Возможно, я хотел набить себе цену. Ты молчал и смотрел в сторону.

— Так вот ты какой путь решил избрать! — так начиналась твоя речь, со сдержанного удивления и с правом на патетику в конце, если такая потребуется. — Если не шутишь, советую тебе пореже излагать свое кредо. На этом пути вещи своими именами не называют. Добавь к своим постулатам еще два: ложь и притворство. Это мой вклад в твою новую теорию.

Я не сразу понял, ты иронизируешь или со мной соглашаешься. И довольно глупо улыбался. Ты продолжал.

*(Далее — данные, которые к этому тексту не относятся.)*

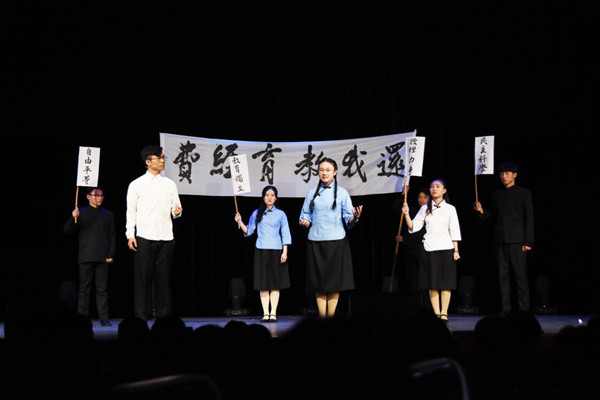 汉语言文学专业2016(3)班的汤科在剧中饰演“王步文”这一角色,“登台表演和排练的次数早已数不清了,从大一下学期表演话剧开始,一年半走来,充满着艰辛和困难,如今在全国的舞台上表演,深知是一种荣幸,也感到是传递爱党爱国情怀的一份责任。”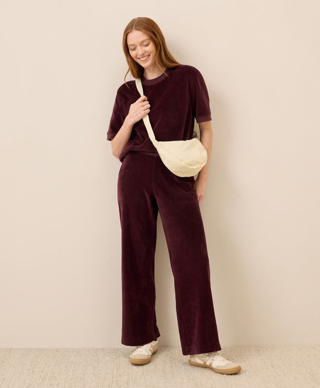 Blurring the lines between ease and luxury, Pact's Pure Velour Collection is an everyday indulgence in 100% organic cotton. Unique to Pact, these clean Velour Wide Leg Pants feel polished, practical, and perfectly put together when styled as a set.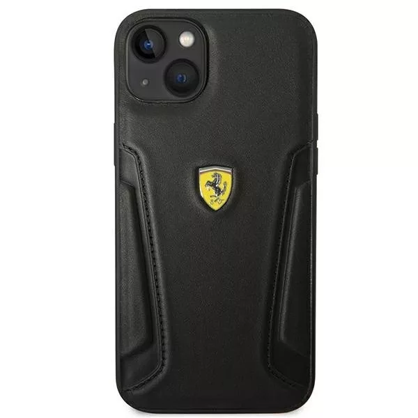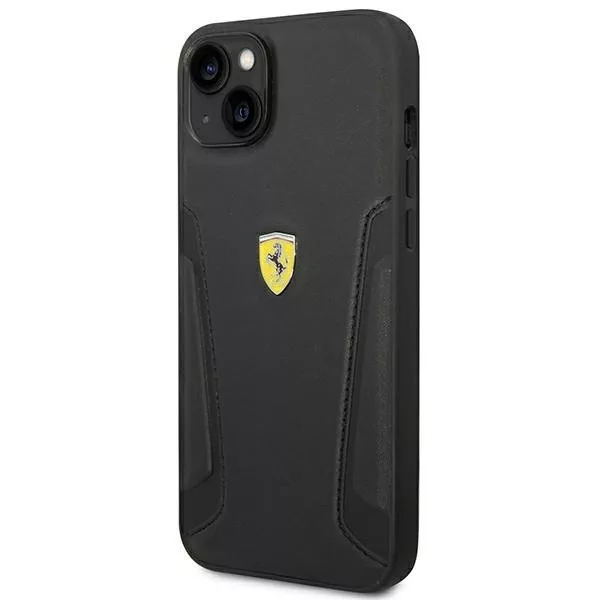 Ferrari FEHCP14MRBUK Leather Stamp Sides Apple iPhone 14 Plus bőr hátlap tok, fekete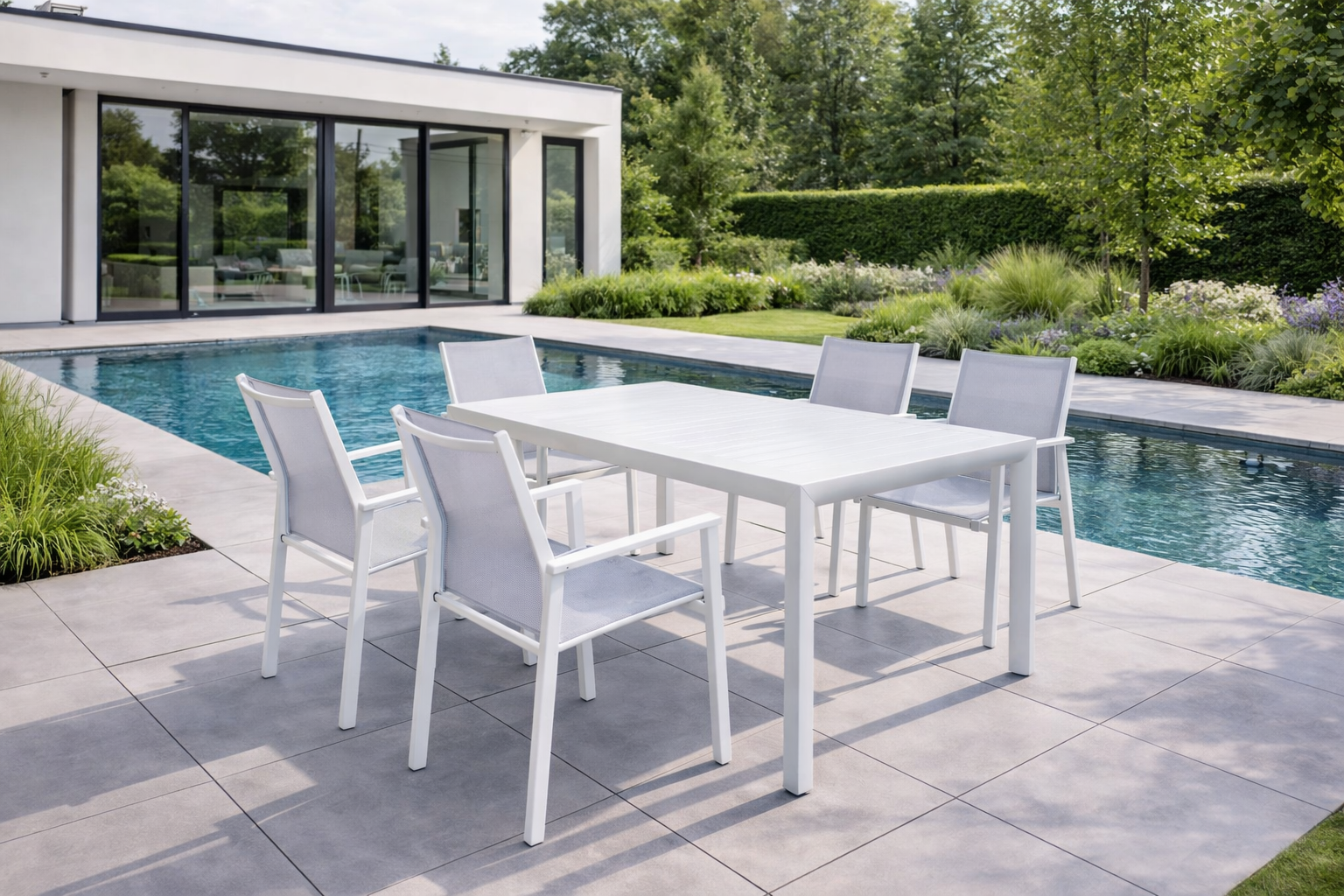 La struttura in alluminio di colore bianco rende questo tavolo per esterno molto apprezzato per solidità e design. Un complemento d'arredo che da solo è in grado di migliorare l'arredo dei tuoi spazi outdoor.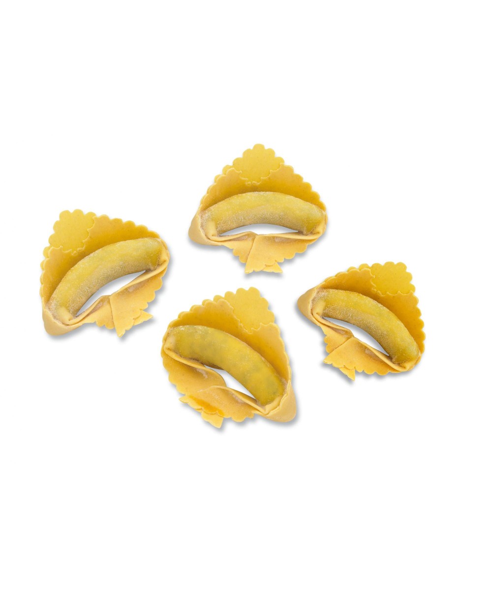 Les raviolis Gigantone de Fontaneto sont de gros tortellini, qui contiennent à l'intérieur une délicieuse garniture de ricotta et d'épinards. Leur forme, en effet, est celle typique du tortellino, mais les dimensions sont assez généreuses : environ 7 à 8 fois plus grandes ! La taille et la forme de ces jolis tortelli les rendent extrêmement attrayants. Cependant, ce qui rend chaque ravioli encore plus unique et inimitable, c'est le fait que chacun d'eux est fabriqué à la main. Le temps de cuisson est légèrement plus long que d'autres pâtes similaires, en raison de leur taille et de leur fermeture particulière. C'est pourquoi ils seront prêts en 5 minutes. Vous trouverez ici le produit au format 2 kg, à consommer sous 10 jours tant que l'emballage est intact. Cependant, une fois l'emballage ouvert, les Gigantone doivent être consommés en quelques jours et conservés au réfrigérateur.Commandez dès maintenant les Raviolis Gigantone fourrés à la ricotta et aux épinards de Fontaneto : NATURALEITALIANO s'engage à livrer le produit dans les 48 heures dans le monde entier.

— Ты хочешь немногого. Но сейчас тебе кажется, что ты гигант. Вдумайся в то, что ты говоришь: «Я был наивен, принимал мечты за действительность, но теперь знаю, каков мир на самом деле». Ты отказываешься от больших, как говорится, целей, но почему ради этого немногого готов пустить в ход все: силу, расчет и — как ее? — волю. Ты же капитулировал! Я бы тебя понял, если бы в тебе увидел разочарованного человека. Ты же поверил в грязь жизни, в чудеса демагогии, в ненаказуемость беспринципности. Ты поверил в силу низости и решил подчинение ей превратить в попутный ветер своей карьеры. И мнишь, что познал все.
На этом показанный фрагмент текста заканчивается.